(Stored entries)
------------------------------------

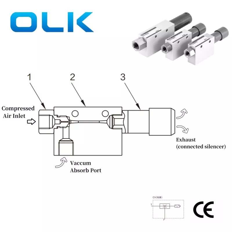 از ژنراتورهای خلاء CV Ouleikai (OLK) برای تأمین محیط خلاء مورد نیاز برای نازل یا وسایل مکش استفاده می شود. درگاه ورودی باید به هوای فشرده متصل شود ، در حالی که فنجان مکش به درگاه خلاء وصل شده است. هنگامی که هوای فشرده شده از درگاه ورودی به درگاه اگزوز جریان می یابد ، خلاء در درگاه خلاء ایجاد می شود. از این نیروی خلاء می توان برای چسبیدن به اشیاء ، دستیابی به وظایفی مانند رفع یا پشتیبانی استفاده کرد و در نتیجه باعث بهبود کارایی عملیاتی در تولید صنعتی می شود.
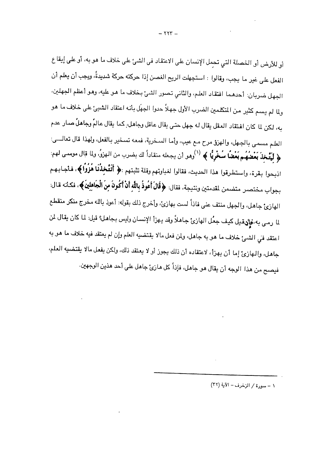 أو للأرض أو الخصلة التي تحمل الإنسان على الاعتقاد في الشيء على خلاف ما هو به، أو على إيقاع الفعل على غير ما يجب، وقالوا: استجهلت الريح الغصن إذا حركته حركة شديدة، ويجب أن يعلم أن الجهل ضربان: أحدهما افتقاد العلم، والثاني تصور الشيء بخلاف ما هو عليه، وهو أعظم الجهلين، ولما لم يسم كثير من المتكلمين الضرب الأول جهلاً حدوا الجهل بأنه اعتقاد الشيء على خلاف ما هو به، لكن لا كان افتقاد العقل يقال له جهل حتى يقال عاقل وجاهل، كما يقال عالم وجاهل صار عدم العلم مسمى بالجهل، والهزؤ مرح مع عيب وأما السخرية، فمعه تسخير بالفعل، ولهذا قال تعالى: {لِيَتَّخِذَ بَعْضُهُمْ بَعْضًا سُخْرِيًّا} وهو أن يجعله منقادا لك بضرب من الهزو، ولما قال موسى لهم: اذبحوا بقرة، واستطرقوا هذا الحديث، فقالوا لغباوتهم وقلة تثبتهم: {أَتَتَّخِذُنَا هُزُوًا}، فأجابهم بجواب مختصر متضمن لمقدمتين ونتيجة، فقال، {قَالَ أَعُوذُ بِاللَّهِ أَنْ أَكُونَ مِنَ الْجَاهِلِينَ} فكأنه قال: الهازئ جاهل، والجهل منتف عنى فإذا لست بهازئ، وأخرج ذلك بقوله: أعوذ بالله مخرج منكر منقطع لما رمى به، فإن قيل كيف جعل الهازئ جاهلاً وقد يهزأ الإنسان وليس بجاهل؟ قيل: لما كان يقال لمن اعتقد قي الشيء خلاف ما هو به جاهل، ولمن فعل مالا يقتضيه العلم وإن لم يعتقد فيه خلاف ما هو به جاهل، والهازئ إما أن يهزأ، لاعتقاده أن ذلك يجوز أو لا يعتقد ذلك، ولكن يفعل مالا يقتضيه العلم، فيصح من هذا الوجه أن يقال هو جاهل، فإذا كل هازئ جاهل على أحد هذيان الوجهين.
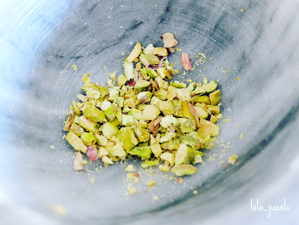 Pelamos los pistachos y los machacamos con la ayuda de un mortero.
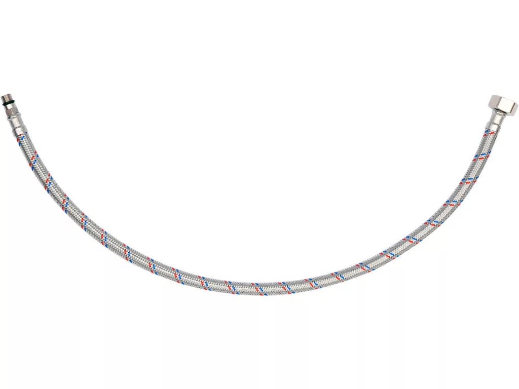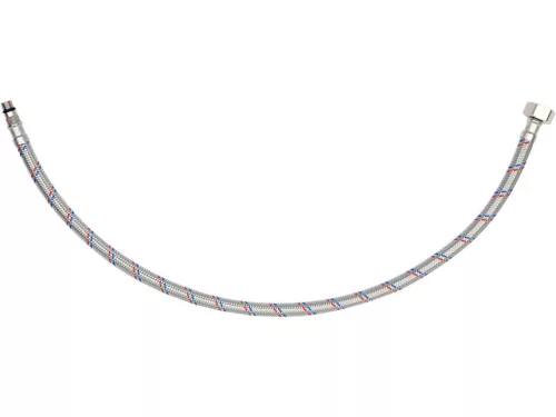 Rugalmas csatlakozótömlő csaptelepekhez fonott rozsdamentes acélból. Hideg és meleg vízhez készült.
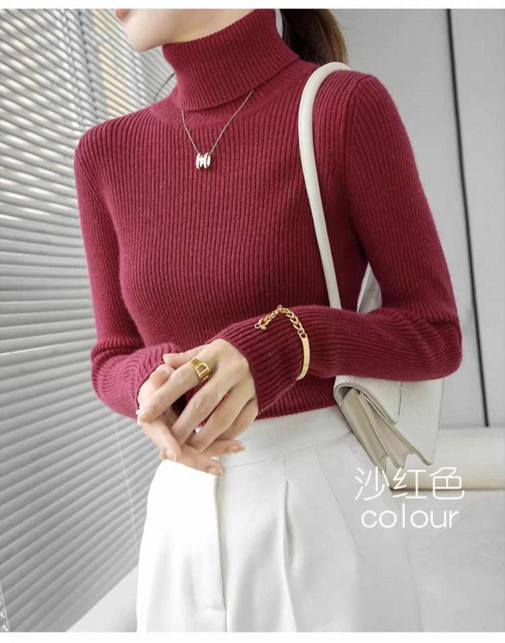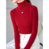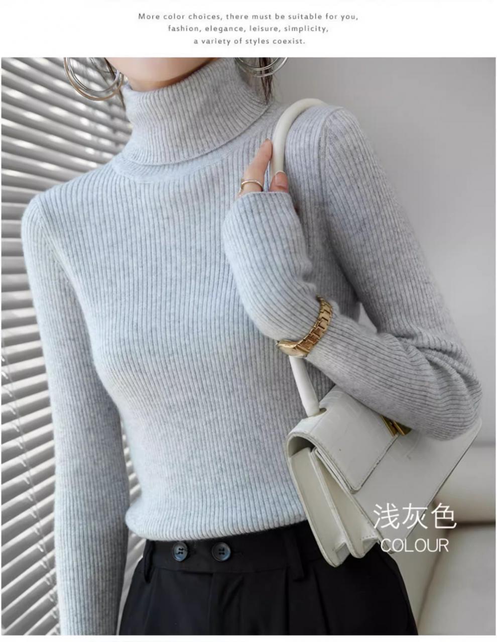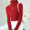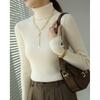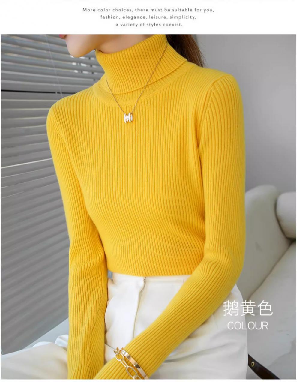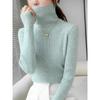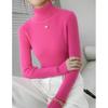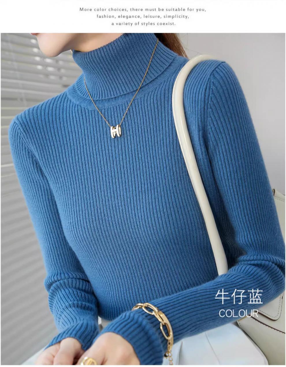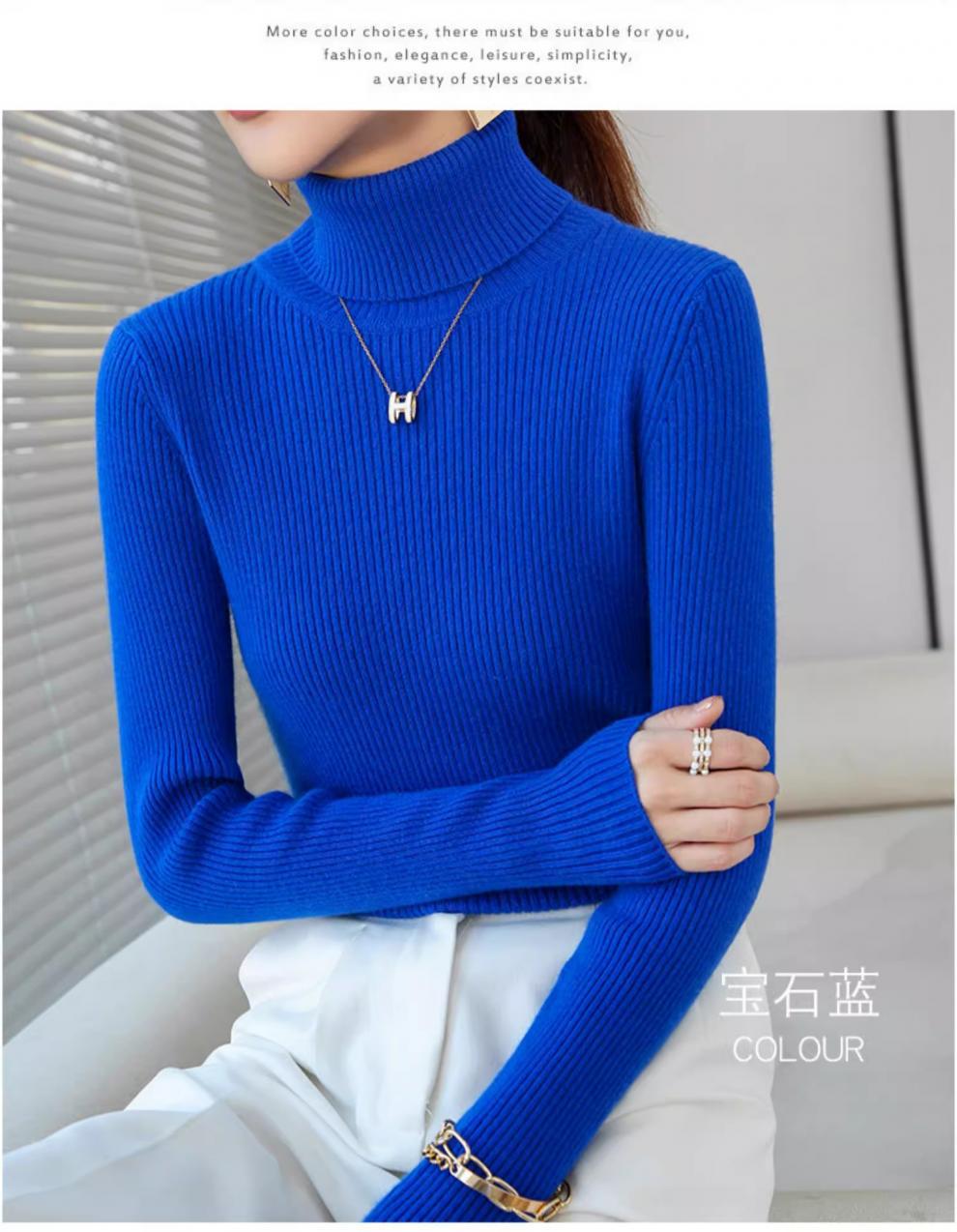 Camiseta Base de Cuello Alto para Mujer Otoño Invierno Tejido de Punto Adelgazante Azul Real Suéter Ajustado Capa Interior Top de Moda

------------------------------------

• [What you need to do]: Print the lines from the one that contains "Pelamos los pistachos" through the last line of the data, exactly and in full, and no other lines. Pictures are not part of the copy.

• [Response]:
 Pelamos los pistachos y los machacamos con la ayuda de un mortero.
 Rugalmas csatlakozótömlő csaptelepekhez fonott rozsdamentes acélból. Hideg és meleg vízhez készült.
 Camiseta Base de Cuello Alto para Mujer Otoño Invierno Tejido de Punto Adelgazante Azul Real Suéter Ajustado Capa Interior Top de Moda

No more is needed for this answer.